Small hills puff up gently, waiting the quick pressure of my feet, which push me up slowly, then speed me down fast and faster! Slowing to a walk, my heart throbs, I gulp the sweet air. Young tree, I feel my grip on your branch as I shake off your drops of dew onto my head and face and arms!
There’s the city, a few miles away, standing like a friend, gleaming and flashing in the sunlight, hard and upright, open and honest. And there’s the bridge, glittering with the flickering glass and steel of speeding cars, a living jewel crossing the muddy river. Here in these trees sparrows sweetly chatter, as if to say, “Nothing’s the matter! Everything’s right!
Now, time to dash again, left and right, and up and down the hills.

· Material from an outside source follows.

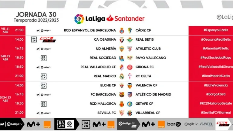 Conoce los horarios de la jornada 30 en LaLiga Santander, que se disputa entre el viernes, 21 y el domingo, 23 de abril.

Now, exhausted, I lie in a hollow on the dewy grass. The hills have risen over the city and the sparrows have flown off somewhere. There is only the earth at my back and the blue sky in front of me. The universe has a consciousness and it is I; it sees—with my eyes; it knows—through my knowing. Without me it is ignorant, it is empty, it is worth nothing. I am the sacred mortal something rescuing it from its dull immortality. I, and the men who use it, giving it life. Swinburne said, “There is no god, O Man, if thou be none.” That’s good, but why need a god at all? What is more than man? If the word “man”, in a man’s mind, or on his lips, does not sound exalted, is that the word’s fault?
Here I, a man, a living, thinking being, held by the earth upon the height, depth, and center of the sky, I am.